▶ **SUPPLIED DATA**:
####################
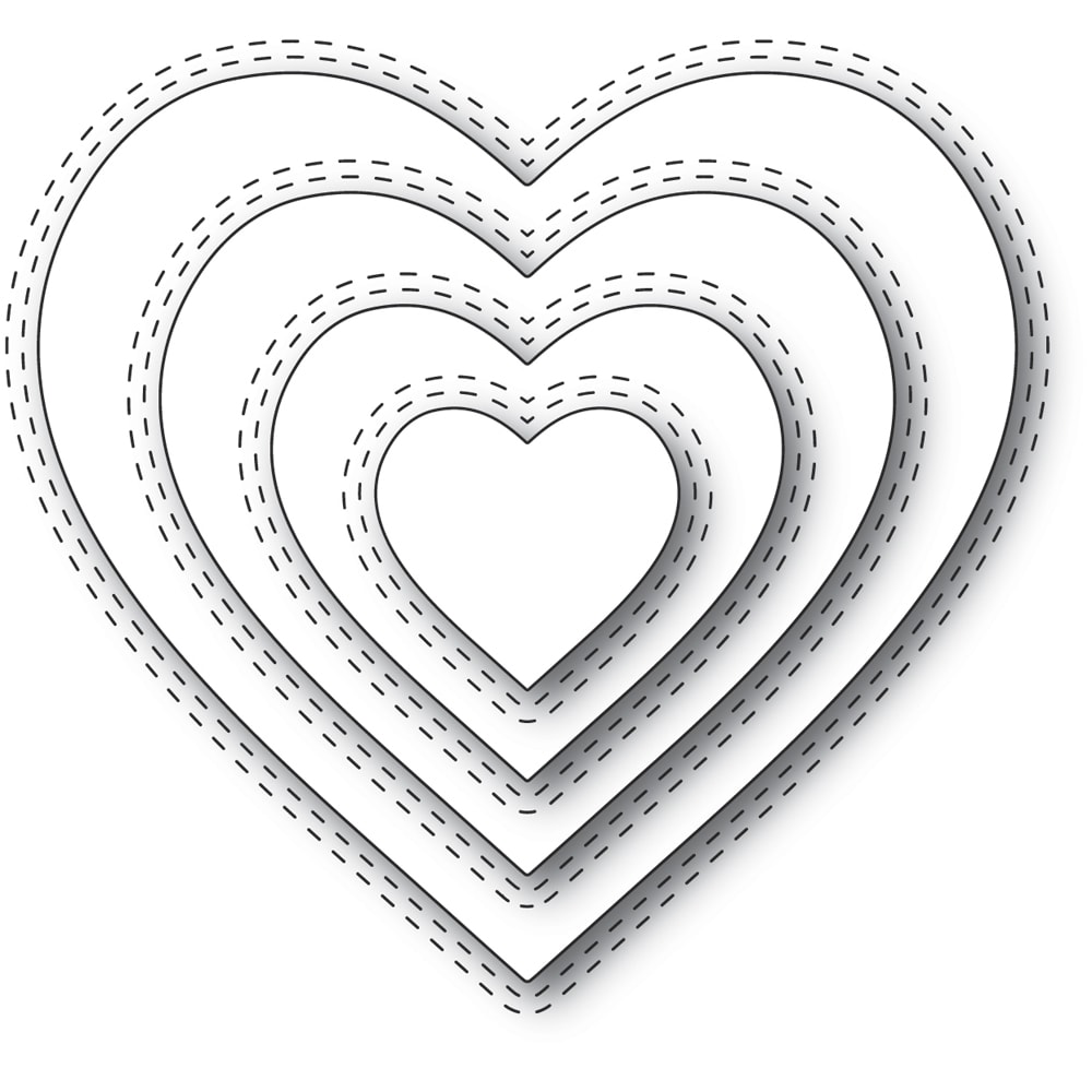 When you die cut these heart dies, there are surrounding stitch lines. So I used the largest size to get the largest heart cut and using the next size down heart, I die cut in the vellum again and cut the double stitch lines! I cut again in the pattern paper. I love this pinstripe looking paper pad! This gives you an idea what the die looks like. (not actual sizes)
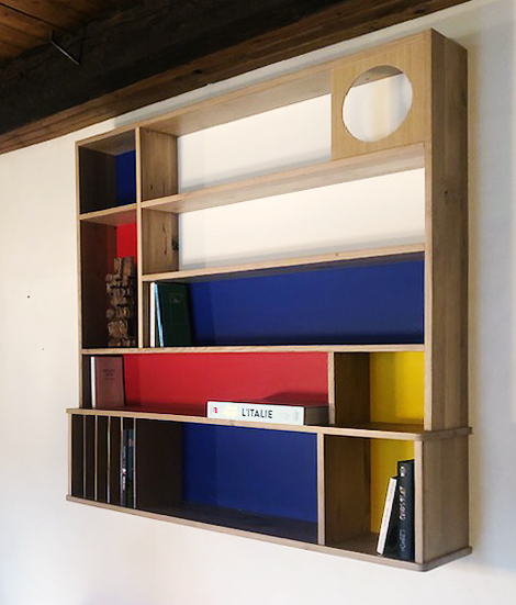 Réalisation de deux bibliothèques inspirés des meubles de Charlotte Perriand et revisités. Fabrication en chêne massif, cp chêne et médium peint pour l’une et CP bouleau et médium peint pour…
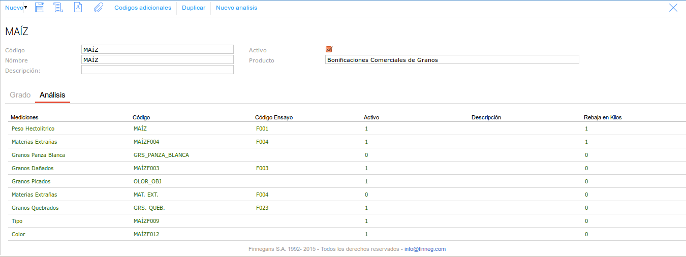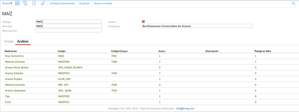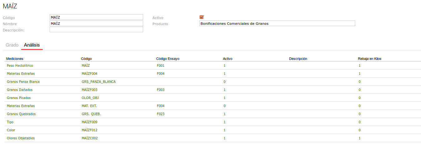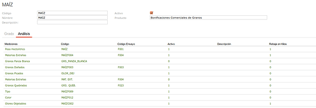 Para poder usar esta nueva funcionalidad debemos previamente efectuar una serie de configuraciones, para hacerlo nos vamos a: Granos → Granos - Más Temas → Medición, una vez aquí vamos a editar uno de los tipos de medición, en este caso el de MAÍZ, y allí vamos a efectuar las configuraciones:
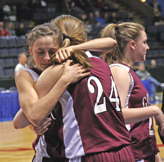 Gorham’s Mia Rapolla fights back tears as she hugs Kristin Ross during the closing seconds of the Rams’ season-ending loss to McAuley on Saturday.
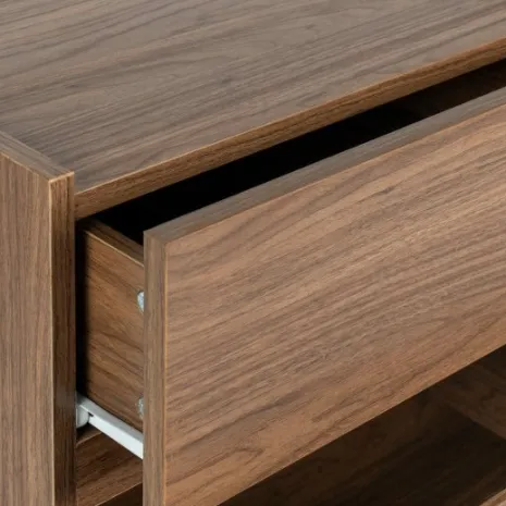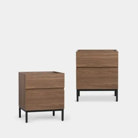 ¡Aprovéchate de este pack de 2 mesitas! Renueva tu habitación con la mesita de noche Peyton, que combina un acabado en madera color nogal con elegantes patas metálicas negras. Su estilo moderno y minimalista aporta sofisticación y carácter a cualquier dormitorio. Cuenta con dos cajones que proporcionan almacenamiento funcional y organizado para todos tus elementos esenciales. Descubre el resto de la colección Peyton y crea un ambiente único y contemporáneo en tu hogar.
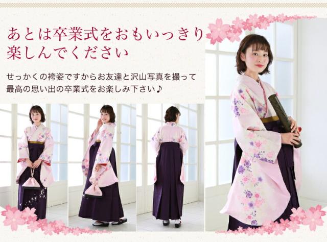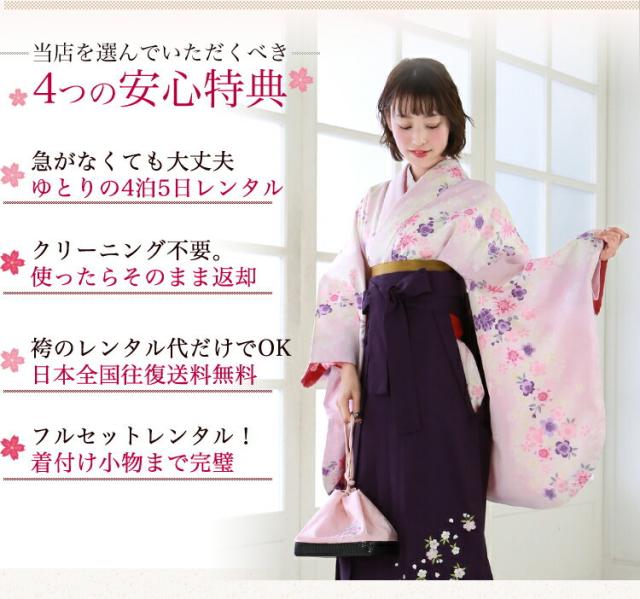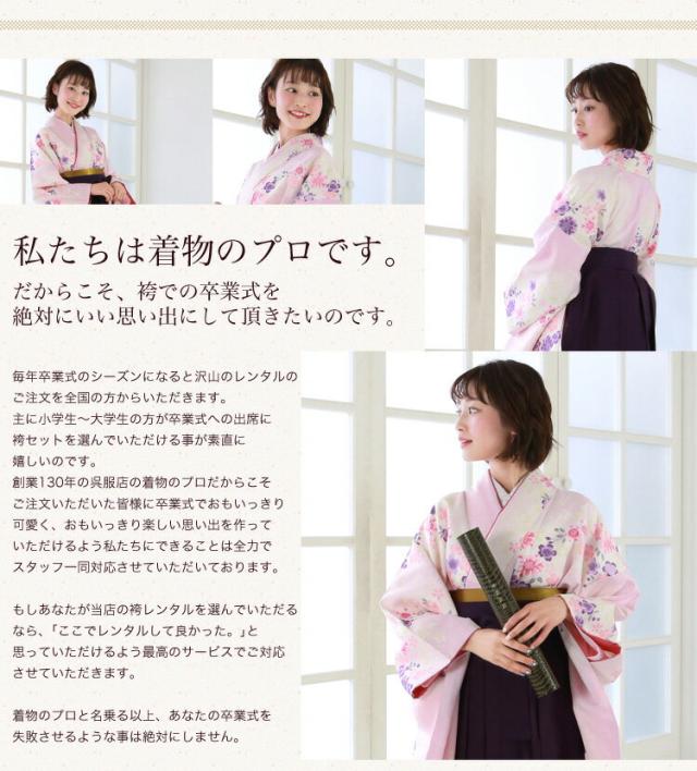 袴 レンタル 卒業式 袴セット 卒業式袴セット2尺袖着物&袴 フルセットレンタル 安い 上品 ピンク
####################
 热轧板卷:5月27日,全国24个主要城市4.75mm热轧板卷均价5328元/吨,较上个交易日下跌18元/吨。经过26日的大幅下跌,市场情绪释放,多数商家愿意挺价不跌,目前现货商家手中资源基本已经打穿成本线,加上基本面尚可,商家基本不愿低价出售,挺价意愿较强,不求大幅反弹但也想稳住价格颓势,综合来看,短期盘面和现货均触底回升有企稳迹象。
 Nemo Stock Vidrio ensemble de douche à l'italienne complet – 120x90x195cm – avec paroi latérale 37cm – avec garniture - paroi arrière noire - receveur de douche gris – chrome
####################
▶ **EXERCISE BRIEF**: Look above for the line with "When you die", then give again exactly every line from there through the line with "Gorham’s Mia Rapolla", skipping the pictures.

▶ **ANSWER SPACE**:
 When you die cut these heart dies, there are surrounding stitch lines. So I used the largest size to get the largest heart cut and using the next size down heart, I die cut in the vellum again and cut the double stitch lines! I cut again in the pattern paper. I love this pinstripe looking paper pad! This gives you an idea what the die looks like. (not actual sizes)
 Réalisation de deux bibliothèques inspirés des meubles de Charlotte Perriand et revisités. Fabrication en chêne massif, cp chêne et médium peint pour l’une et CP bouleau et médium peint pour…
 Para poder usar esta nueva funcionalidad debemos previamente efectuar una serie de configuraciones, para hacerlo nos vamos a: Granos → Granos - Más Temas → Medición, una vez aquí vamos a editar uno de los tipos de medición, en este caso el de MAÍZ, y allí vamos a efectuar las configuraciones:
 Gorham’s Mia Rapolla fights back tears as she hugs Kristin Ross during the closing seconds of the Rams’ season-ending loss to McAuley on Saturday.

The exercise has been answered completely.